🤖 AI Summary
This work addresses decentralized stochastic smooth convex optimization over a fixed communication network, aiming to maximize the number of participating nodes $M$ under a total gradient sample budget $N$ while preserving the optimal statistical convergence rate of $O(1/\sqrt{N})$ achievable by centralized methods. To this end, the authors propose a novel algorithm that integrates accelerated gossip communication, mini-batch gradients, and a single-step delayed acceleration mechanism. This approach effectively controls the residual inconsistency among nodes and exhibits only logarithmic dependence on local data heterogeneity. The method achieves a significantly improved scalability bound of $M \lesssim \sqrt{\rho}\, N^{3/4}$, where $\rho$ denotes the network spectral gap, surpassing the previous best-known bound of $M \lesssim \rho \sqrt{N}$. Moreover, the authors establish the optimality of this bound for first-order methods within the linear span class.
📝 Abstract
We study decentralized stochastic smooth convex optimization, where $M$ workers minimize an average objective using local stochastic gradients and neighbor-only communication over a fixed gossip network.
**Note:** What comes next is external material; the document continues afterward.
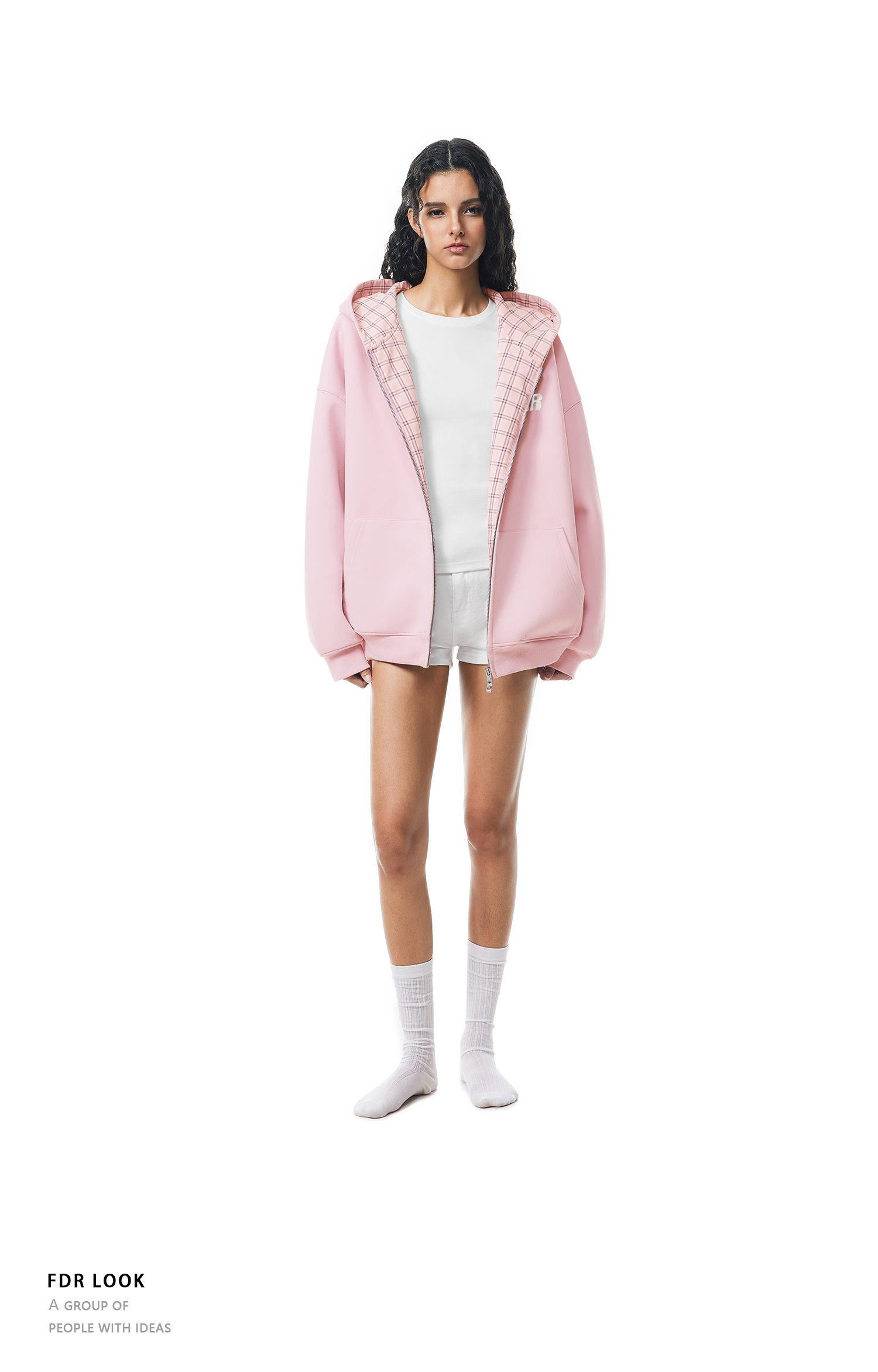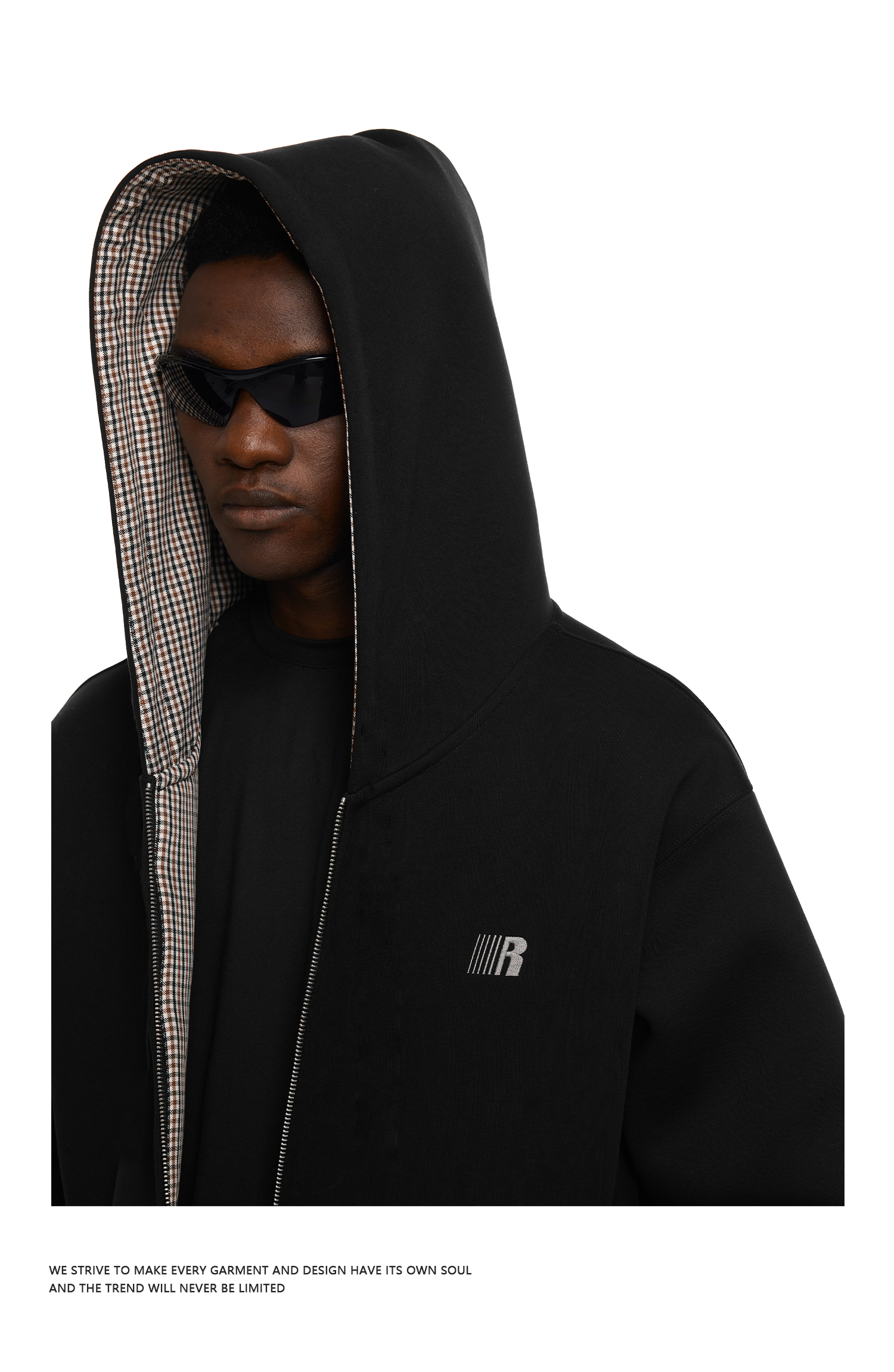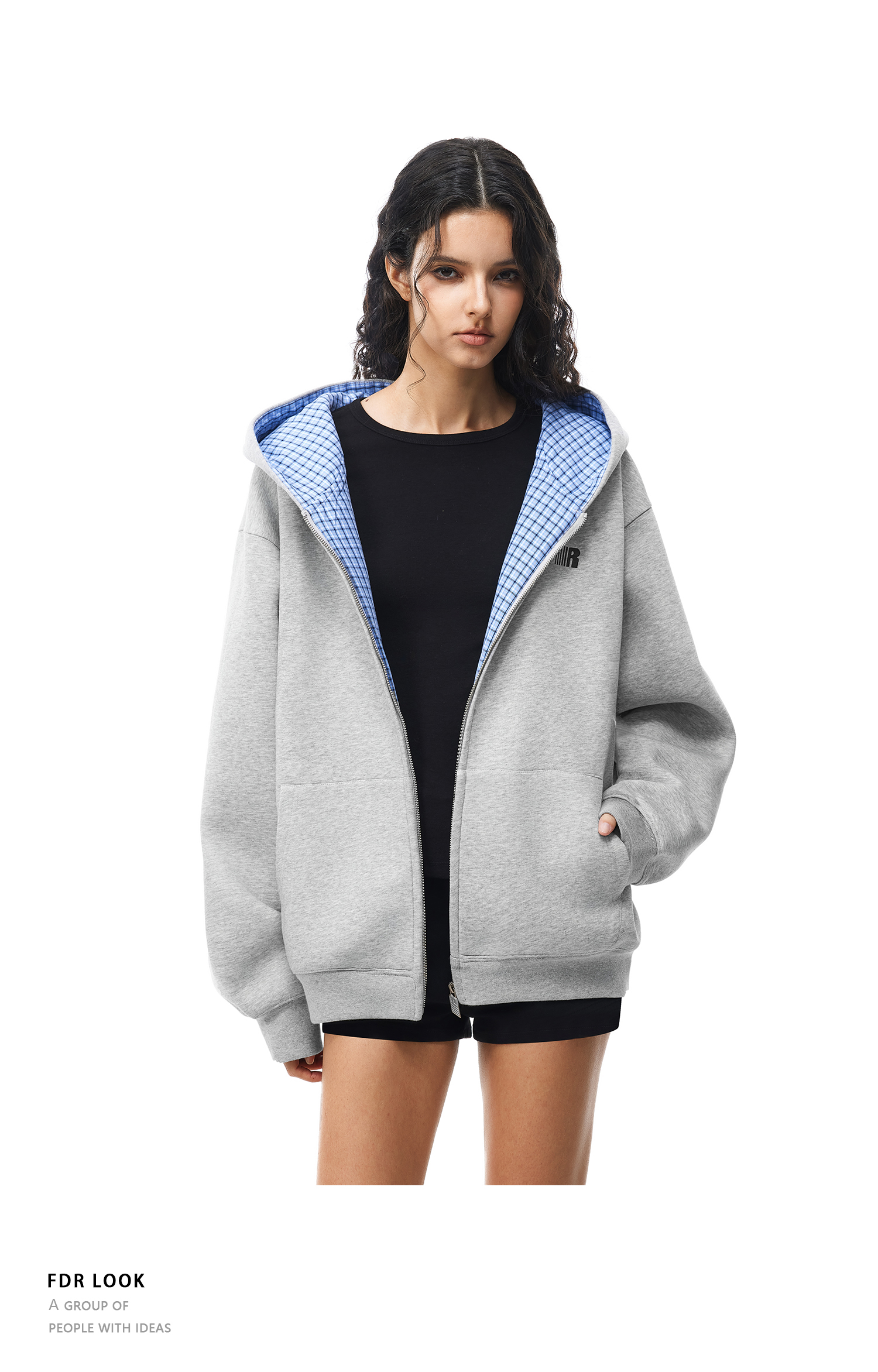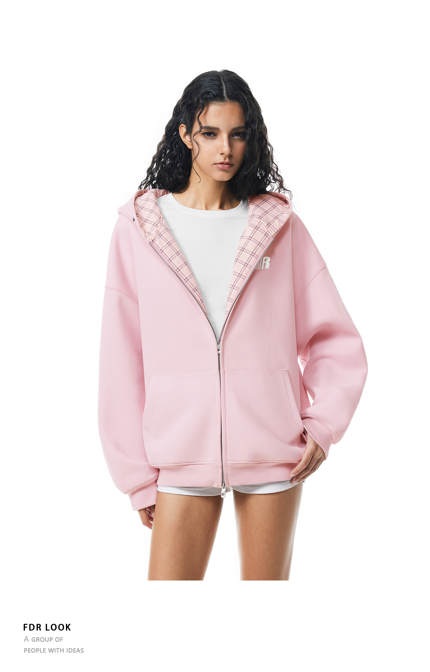 FDR官方店 R字撞色格纹连帽卫衣外套男女秋季宽松情侣装开衫上衣

A central question in this setting is to determine the largest number of workers that can be used under a total budget of $N$ gradient samples while still preserving the centralized $O(1/\sqrt N)$ statistical rate. We introduce an accelerated decentralized method that preserves this rate for up to $\smash{M\lesssim \sqrtρ\,N^{3/4}}$ workers, where $ρ$ is the spectral gap of the gossip network, improving the best prior maximal scaling of $\smash{M\lesssim ρ\sqrt N}$. The method is based on a one-step-delayed stochastic acceleration scheme that enables workers to interleave minibatching with accelerated gossip while controlling residual disagreement, and its guarantee depends only logarithmically on the optimum-local heterogeneity. We also establish a matching lower bound for linear-span decentralized first-order methods, showing that the method is optimal up to logarithmic factors.